# Exercice 18 - Streaming Spark Avance

## Objectifs
- Comprendre les watermarks et le traitement tardif
- Maitriser les differents modes de trigger
- Implementer des jointures en streaming
- Gerer les checkpoints pour la tolerance aux pannes

---

## 1. Concepts avances du streaming

```
+------------------------------------------------------------------+
|                  STREAMING SPARK AVANCE                          |
+------------------------------------------------------------------+
|                                                                  |
|  WATERMARK : Gestion des donnees tardives                        |
|  +---------------------------------------------------------+    |
|  |                                                         |    |
|  |  Temps reel    Watermark         Donnees acceptees      |    |
|  |      |            |                    |                |    |
|  |   12:05        12:00               >= 12:00             |    |
|  |      |<-- 5min -->|                                     |    |
|  |                                                         |    |
|  |  Si delai = 5 min, les donnees avec timestamp < 12:00   |    |
|  |  seront ignorees (arrivees trop tard)                   |    |
|  +---------------------------------------------------------+    |
|                                                                  |
|  TRIGGERS : Frequence de traitement                              |
|  +---------------------------------------------------------+    |
|  |  - processingTime("10 seconds") : toutes les 10 sec     |    |
|  |  - once()                       : une seule fois        |    |
|  |  - continuous("1 second")       : latence minimale      |    |
|  |  - availableNow()               : traite tout dispo     |    |
|  +---------------------------------------------------------+    |
|                                                                  |
|  CHECKPOINTS : Tolerance aux pannes                              |
|  +---------------------------------------------------------+    |
|  |  Sauvegarde :                                           |    |
|  |  - Offsets Kafka traites                                |    |
|  |  - Etat des aggregations                                |    |
|  |  - Metadata du stream                                   |    |
|  +---------------------------------------------------------+    |
|                                                                  |
+------------------------------------------------------------------+
```

## 2. Configuration

In [1]:
import os
import time
from pyspark.sql import SparkSession
from pyspark.sql.functions import (
    col, from_json, to_timestamp, window, expr,
    count, sum as spark_sum, avg, max as spark_max, min as spark_min,
    current_timestamp, lit, struct, to_json
)
from pyspark.sql.types import (
    StructType, StructField, StringType, IntegerType,
    DoubleType, ArrayType, TimestampType
)

# --- CONFIGURATION COMPLETE (KAFKA + S3) ---
SPARK_VER = os.environ.get("SPARK_VER", "3.5.0")
SCALA_SUFFIX = os.environ.get("SCALA_SUFFIX", "2.13")

# 1. Le paquet Kafka (Dynamique)
kafka_package = f"org.apache.spark:spark-sql-kafka-0-10_{SCALA_SUFFIX}:{SPARK_VER}"

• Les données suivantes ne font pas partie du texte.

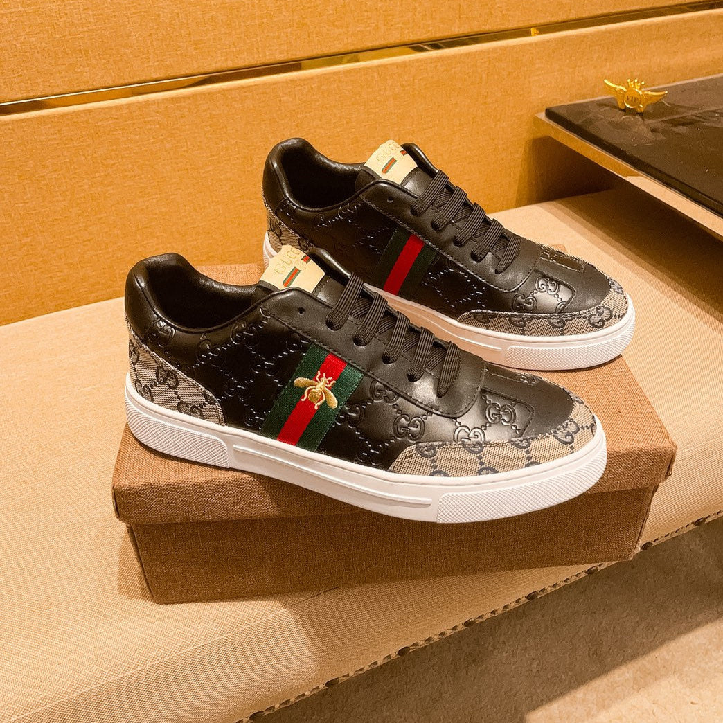 GG Men's Bee Sneaker Black Embossed Pigskin 531262
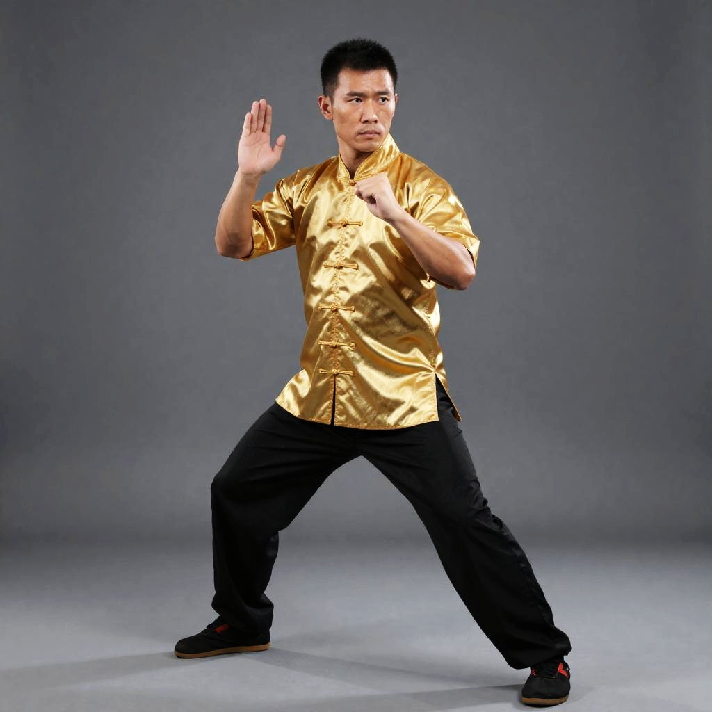 Wing Chun Kung, man in a golden shirt and black pants with his hands up

# 2. Les paquets S3/MinIO (Indispensables pour s3a://)
s3_packages = "org.apache.hadoop:hadoop-aws:3.4.1,com.amazonaws:aws-java-sdk-bundle:1.12.262"

# 3. On combine le tout
all_packages = f"{kafka_package},{s3_packages}"

print(f"Chargement des librairies : {all_packages}")

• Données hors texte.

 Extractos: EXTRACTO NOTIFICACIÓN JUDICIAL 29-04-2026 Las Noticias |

spark = SparkSession.builder \
    .appName("StreamingAvance") \
    .config("spark.jars.packages", all_packages) \
    .config("spark.hadoop.fs.s3a.endpoint", "http://minio:9000") \
    .config("spark.hadoop.fs.s3a.access.key", "minioadmin") \
    .config("spark.hadoop.fs.s3a.secret.key", "minioadmin123") \
    .config("spark.hadoop.fs.s3a.path.style.access", "true") \
    .config("spark.hadoop.fs.s3a.impl", "org.apache.hadoop.fs.s3a.S3AFileSystem") \
    .config("spark.sql.streaming.checkpointLocation", "/tmp/checkpoints") \
    .getOrCreate()

spark.sparkContext.setLogLevel("WARN")

KAFKA_BROKER = "broker:29092"
CHECKPOINT_PATH = "s3a://bronze/checkpoints"

print(f"Session prête (Kafka + S3 supportés)")

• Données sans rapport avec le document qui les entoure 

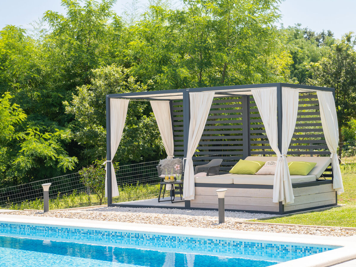 Cuisine extérieure (plaque de cuisson, réfrigérateur).
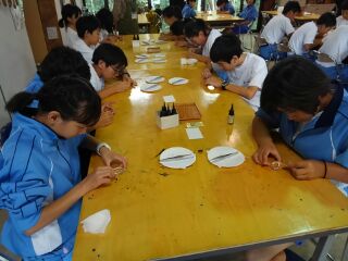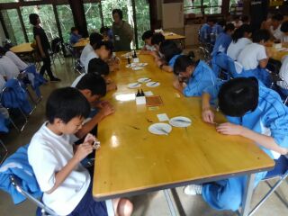 溶岩樹型のガイドウォークに並行して、他のクラスは押し花のペーパーウエイト作りを体験しました。
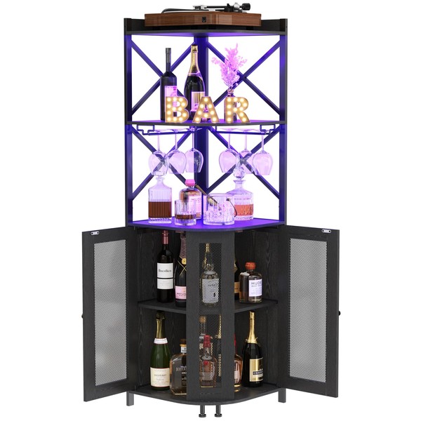 - 【Smart LED Lights Home Bar】Our corner tall liquor cabinet comes with two LED lights, it has 7 main colors, 20 static modes and 22 flashing modes. Also we will give you a remote control that can control the LED lights, you can remotely control the light strip to create a wonderful atmosphere for you and bring a chic feeling to your home!

Chargement des librairies : org.apache.spark:spark-sql-kafka-0-10_2.13:3.5.0,org.apache.hadoop:hadoop-aws:3.4.1,com.amazonaws:aws-java-sdk-bundle:1.12.262
Session prête (Kafka + S3 supportés)


## 3. Watermarks - Gestion des donnees tardives

In [2]:
# Schema des commandes
commande_schema = StructType([
    StructField("order_id", IntegerType(), True),
    StructField("customer_id", StringType(), True),
    StructField("timestamp", StringType(), True),
    StructField("total", DoubleType(), True),
    StructField("status", StringType(), True)
])

# Lire le stream Kafka
df_stream = spark.readStream \
    .format("kafka") \
    .option("kafka.bootstrap.servers", KAFKA_BROKER) \
    .option("subscribe", "commandes-json") \
    .option("startingOffsets", "earliest") \
    .load()

print("Stream configure")

Stream configure


In [3]:
# Parser et ajouter watermark
df_parsed = df_stream \
    .select(
        from_json(col("value").cast("string"), commande_schema).alias("data"),
        col("timestamp").alias("kafka_time")
    ) \
    .select(
        "data.order_id",
        "data.customer_id",
        "data.total",
        to_timestamp("data.timestamp").alias("event_time"),
        "kafka_time"
    ) \
    .withWatermark("event_time", "5 minutes")  # Tolere 5 min de retard

print("Watermark defini : 5 minutes")

Watermark defini : 5 minutes


In [4]:
# Aggregation avec fenetre glissante et watermark
df_windowed = df_parsed \
    .groupBy(
        window(col("event_time"), "2 minutes", "1 minute"),  # Fenetre 2min, glisse 1min
        "customer_id"
    ) \
    .agg(
        count("*").alias("nb_commandes"),
        spark_sum("total").alias("total_ventes"),
        spark_max("total").alias("max_commande")
    )

print("Aggregation fenetre glissante configuree")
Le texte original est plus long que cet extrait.